Note - the red dashed line is the line of equality \((x=y)\); heart rate is generally higher for each individual in the horror condition (most points lie above teh line \((x=y)\). There is a strong correlation between the two measures of heart rate for each individual, indicating an individual differences in heart rate regardless of condition, which should be controlled by the use of a repeated measures design.

The mean increase in heart rate in the horror condition was X.XX beats per minute (condition means were XX.X bpm for cookery and XX.X for horror). The standard deviation of differences in heart rate was X.XX bpm (condition standard deviations were XX.X bpm for cookery and XX.X for horror).

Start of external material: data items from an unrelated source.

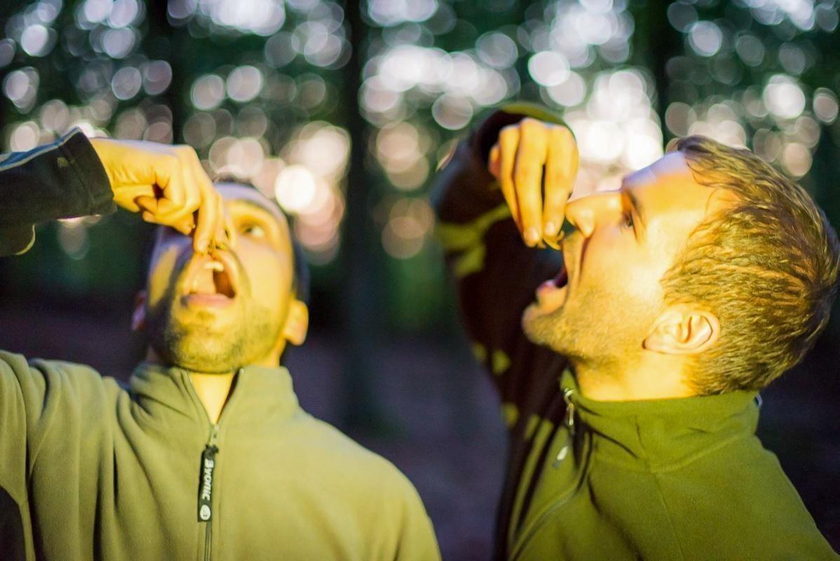 Zwei Personen demonstrieren eine Technik im Wald, eine Person hält die andere am Arm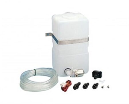 Set içeriğinde 2.5 litre su deposu, montaj braketi, 12V pompa, şeffaf hortum, iki adet püskürtme başlığı ve T konnektör mevcuttur.
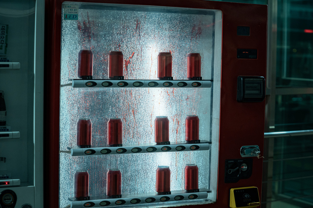 - 컬러 톤: 전체적으로 무채색 톤 + 붉은 조명 위주로 구성돼 있으며, 후반부로 갈수록 색조가 더욱 단색적이고 환각적으로 변합니다.

heartRates = pd.read_csv('https://raw.githubusercontent.com/jillxoreilly/StatsCourseBook_2024/main/data/HeartRates.csv')
heartRates['diff'] = heartRates.horror - heartRates.cookery
heartRates.describe()
cookery horror diff
count 20.000000 20.000000 20.000000
mean 72.620000 77.560000 4.940000
std 14.612489 16.678047 9.049013
min 53.900000 47.000000 -9.200000
25% 59.725000 66.750000 -2.700000
50% 72.600000 74.600000 5.100000
75% 85.250000 90.300000 12.125000
max 96.800000 111.400000 20.900000

The differences in heart rate were determined by inspection to be approximately normally distrbuted:

plot = sns.kdeplot(data = heartRates,  x='diff', fill=True)
sns.rugplot(data = heartRates, x='diff', height=0.1,)
plot.set_xlabel("heart rate (BPM)", fontsize = 16)
plot.set_ylabel("Density", fontsize = 16)
Text(0, 0.5, 'Density')
../_images/f61651efecd41fc13d6602d68063da3d58355d068492c86477fda3fcb5372911.png

An paired samples t-test was therefore used to compare the means (alpha = XXX, XXX-tailed).

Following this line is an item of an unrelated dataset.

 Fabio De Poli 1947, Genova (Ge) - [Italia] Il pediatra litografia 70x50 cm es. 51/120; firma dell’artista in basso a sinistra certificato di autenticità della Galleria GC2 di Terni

stats.ttest_rel(heartRates.horror, heartRates.cookery, alternative='greater')
TtestResult(statistic=2.4414101572270717, pvalue=0.012293439285066583, df=19)

Heart rates were indeed significantly increased in the horror condition: t(19) = X.XX, p=X.XXX.

As p<0.05 we conclude that on average, individuals’ heart rates increase when watching horror shows as opposed to cookery shows.

3.6.4. Further Exercises#

  1. What do you think would happen if you ran an independent samples t-test on the data - would the p value become more or less significant? Why?
  2. Change the code to actually run an independent samples test. Was you intuition correct?